Kaum Balbek melancarkan serangan bertubi-tubi, dilawan oleh kaum
Muslimiin dengan garang. Beberapa pedang berdenting mengeluarkan bunga api,
saat membentur helm perang atau pedang.”
Beberapa Muslimiin berharap Sa’id bin Zaid (سعيد بن زيد) dan Dhirar bin Al-Azwar (ضرار بن الأزور) mengamuk. Untuk meringankan
beban perjuangan. Panglima perang bernama Abu Ubaidah juga berperang sibuk
sekali.
Perang makin berkobar-kobar dan korban berjatuhan. Sahl bin
Shabach yang sedang luka, menyaksikan peperangan dari puncak gunung. Di atas
itu, dia mematahkan pepohonan untuk ditumpuk dan dibakar. Dia menggoreskan zinad (korek), untuk menyalakan tumpukan
kayu. Setelah menyala, ditambahi lagi kayu-kayu kering dan basah, hingga
asapnya membanyak dan membumbung tinggi.
Sebelum itu sudah ada kesepakatan di antara kaum Muslimiin tanda untuk mengumpulkan mereka ‘api
dan asap’. Api dan asap
semakin membesar dan meninggi.
Dari bawah, Sa’id bin Zaid dan pasukannya, melihat asap tebal di
puncak gunung. Dhirar bin Al-Azwar dan pasukannya juga melihat. Dua komandan
itu perintah agar seorang melaporkan pada panglima ‘mengenai adanya tanda’
harus berkumpul.
Dua golongan bergerak, saling mendekat untuk bersatu. Saat itu
peperangan sedang sangat gawat, karena dua kubu saling menyerang dengan garang.

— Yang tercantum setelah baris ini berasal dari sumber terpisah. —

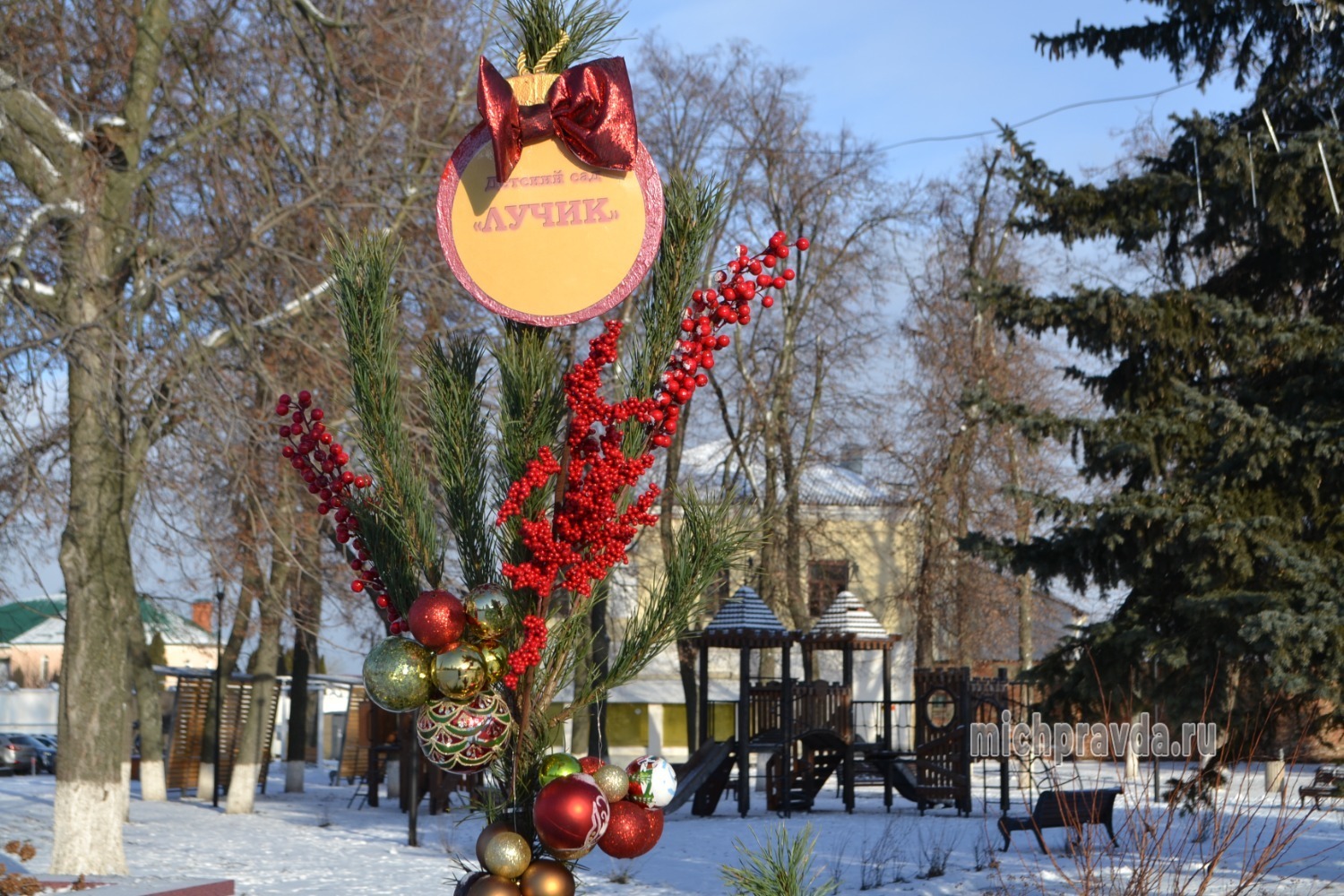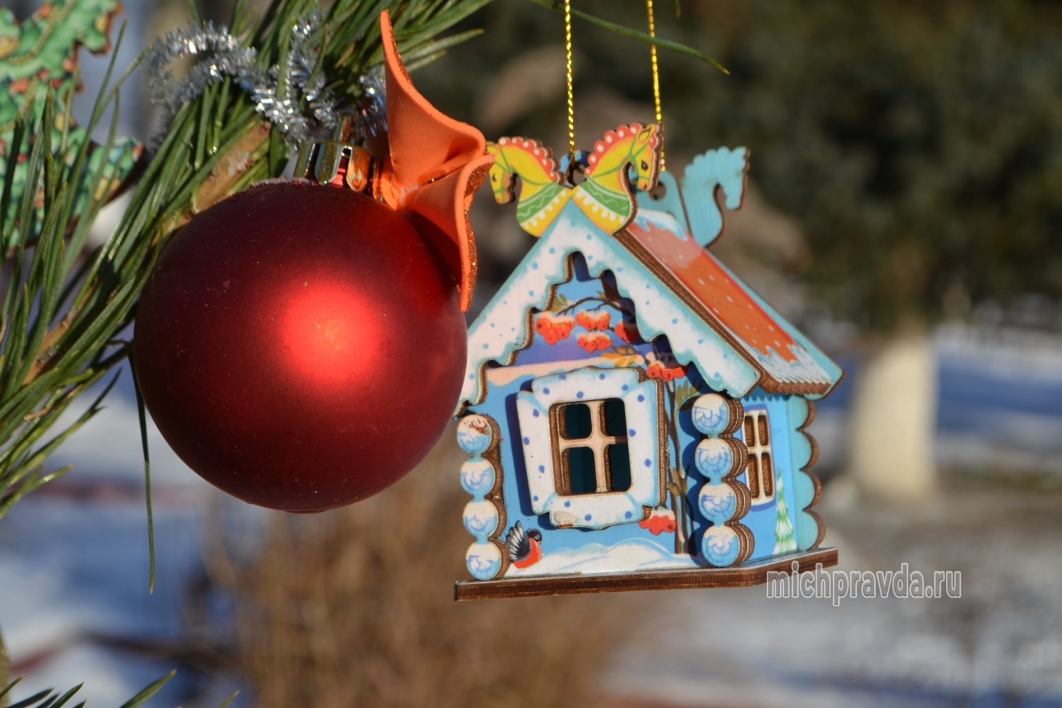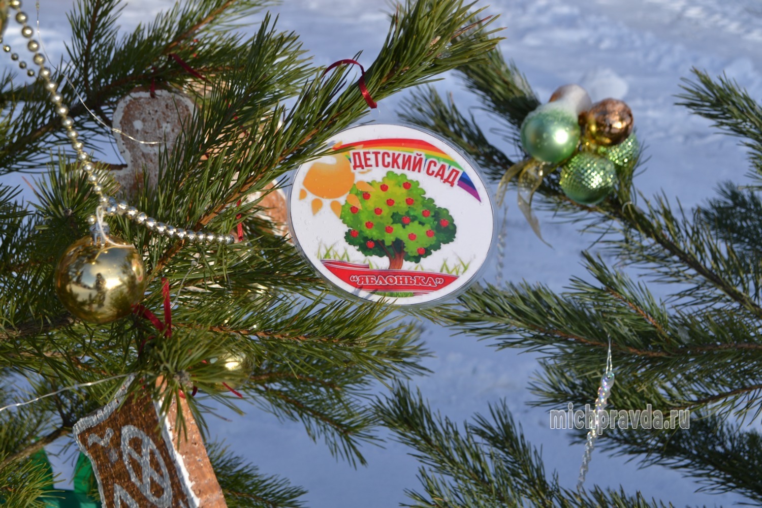 Ёлочки украсили игрушками, репринтными изданиями дореволюционных открыток с видами Козлова, домиками с резными наличниками, фигурками лошадей, бантиками, настоящими баранками, фигурными пряниками, колокольчиками... Это оформление хвойных деревьев сделали своими руками сотрудники мичуринских детских садов.

Sehingga kaum Muslimiin kesulitan dan susah sekali.
Mereka dikejutkan oleh teriakan, “Hai penganut Al-Qur’an!
Pertolongan dari Rohman telah datang pada kalian! Kalian ditolong untuk
menaklukkan penyembah Sulban (الصُّلْبَانُ)!.” [1]
Di saat mereka bergerak menjauhi pintu gerbang beteng, pasukan
Balbek melancarkan serangan bertubi-tubi, meninggalakan ruangan kosong depan
pintu gerbang. Untuk menyerbu dan menyerbu.
Sa’id bin Zaid dan Dhirar mengamuk untuk membunuh kawanan lawan,
dan memberi jalan ‘pasukan mereka berdua’, agar memasuki ruangan kosong itu.
Pasukan Balbek yang tadinya yakin akan segera menaklukkan kaum
Muslimiiin terkejut, saat melihat kenyataan di luar dugaan.
Pasukan Balbek bergerak mendekat untuk merebut lagi posisi di
dekat pintu gerbang, namun tebasan pedang dan tusukan tombak pasukan Muslimiin,
menewaskan mereka dengan tragis. Dan amukan pasukan Muslimiin yang menggila,
menewaskan. Mereka berserakan mirip dedaunan yang gugur oleh amukan badai.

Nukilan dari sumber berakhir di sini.